I am just really curious, how the equivalence between definitions of inner product can be established?

$$\mathbf{x \cdot y} = \sum_{k=1}^n x_k y_k = \mathbf{|x| |y|} \cos \theta $$

1LiterTears
  • 4,803
  • One way to do this is to draw a triangle with sides given by x, y, and x-y, and then apply the law of cosines to this triangle (where $\theta$ is the angle between x and y). – user84413 Aug 21 '13 at 17:58
  • Apply properties of inner product in the space $\mathbb{R}^n$ over $\mathbb{R}$ – Supriyo Aug 21 '13 at 18:00
  • In a more general context, this is the definition of an angle between two vectors in a pre-Hilbert space is defined by $$\cos \theta = \frac{\langle x,y \rangle}{\Vert x\Vert \cdot \Vert y \Vert}$$ – AlexR Aug 21 '13 at 18:03

1 Answers1

1

The easiest way to do this for me is as follows: Firstly notice that the $\sum x_k y_k$ is invariant under rotations.
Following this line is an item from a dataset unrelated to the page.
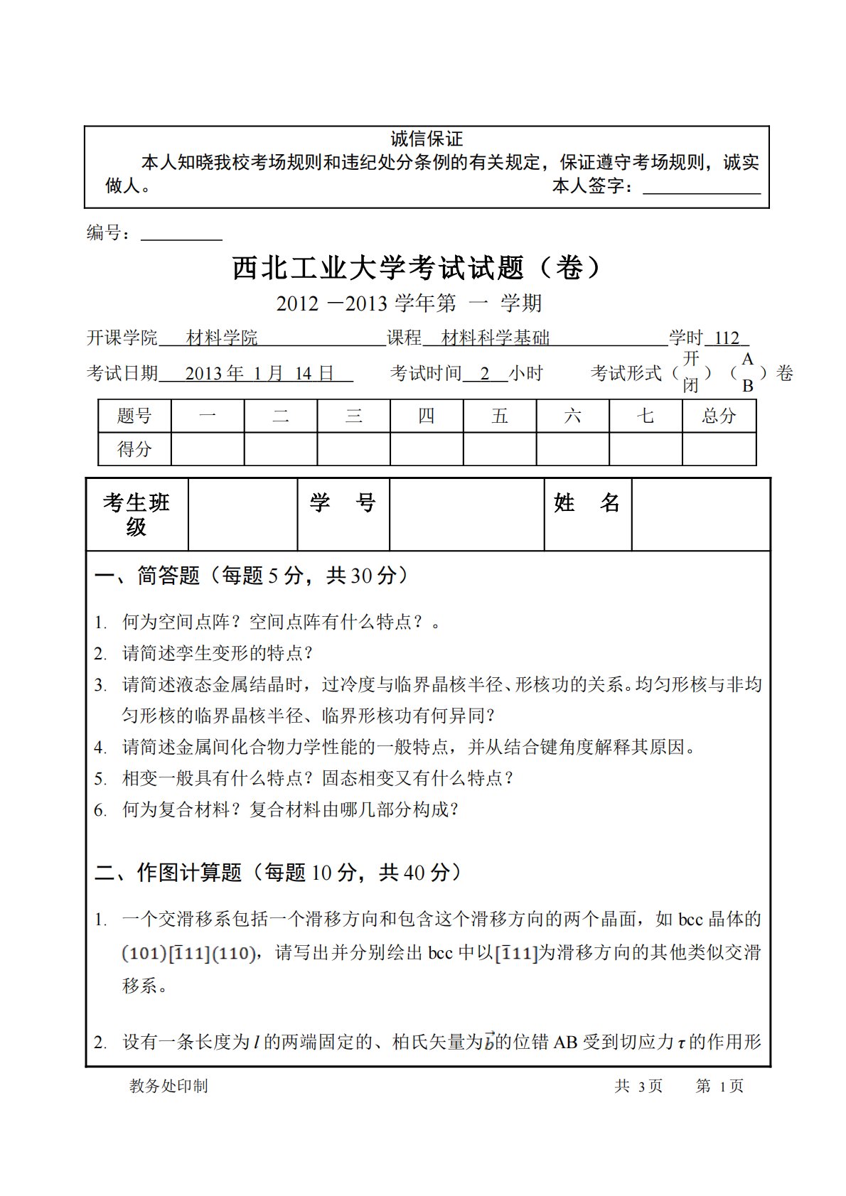 诚信保证本人知晓我校考场规则和违纪处分条例的有关规定,保证遵守考场规则,诚实做人。本人签字:编号:西北工业大学考试试题(卷)2012-2013学年第一学期开课学院材料学院课程材料科学基础学时112考试日期2013年1月14日考试时间 2 小时考试形式(闭开)(BA)卷题号一二三四五六七总分得分考生班级学 号姓 名一、简答题(每题5分,共30分)1.何为空间点阵?空间点阵有什么特点?。2.请简述孪生变形的特点?3.请简述液态金属结晶时,过冷度与临界晶核半径、形核功的关系。均匀形核与非均匀形核的临界晶核半径、临界形核功有何异同?4.请简述金属间化合物力学性能的一般特点,并从结合键角度解释其原因。5...

Why? Because they are orthogonal matrices $O_{ij}$ so $$(O\mathbf x)^T O\mathbf y= \mathbf x^T O^T O\mathbf y= \mathbf x^T \mathbf y$$

So rotate the vectors to make $\mathbf x= (x,0,0,\ldots,0)$ and $\mathbf y= (y_1,y_2,0,\ldots,0)$. Then drawing a very simple picture should convince you of the result! What matters is that $y_1= |\mathbf y| \cos\theta$.

(This relies on you understanding why rotations are orthogonal, though. I'd explain this by just pointing out that it is true for rotations in the simplest coordinate planes just by checking, and therefore holds for other rotations.)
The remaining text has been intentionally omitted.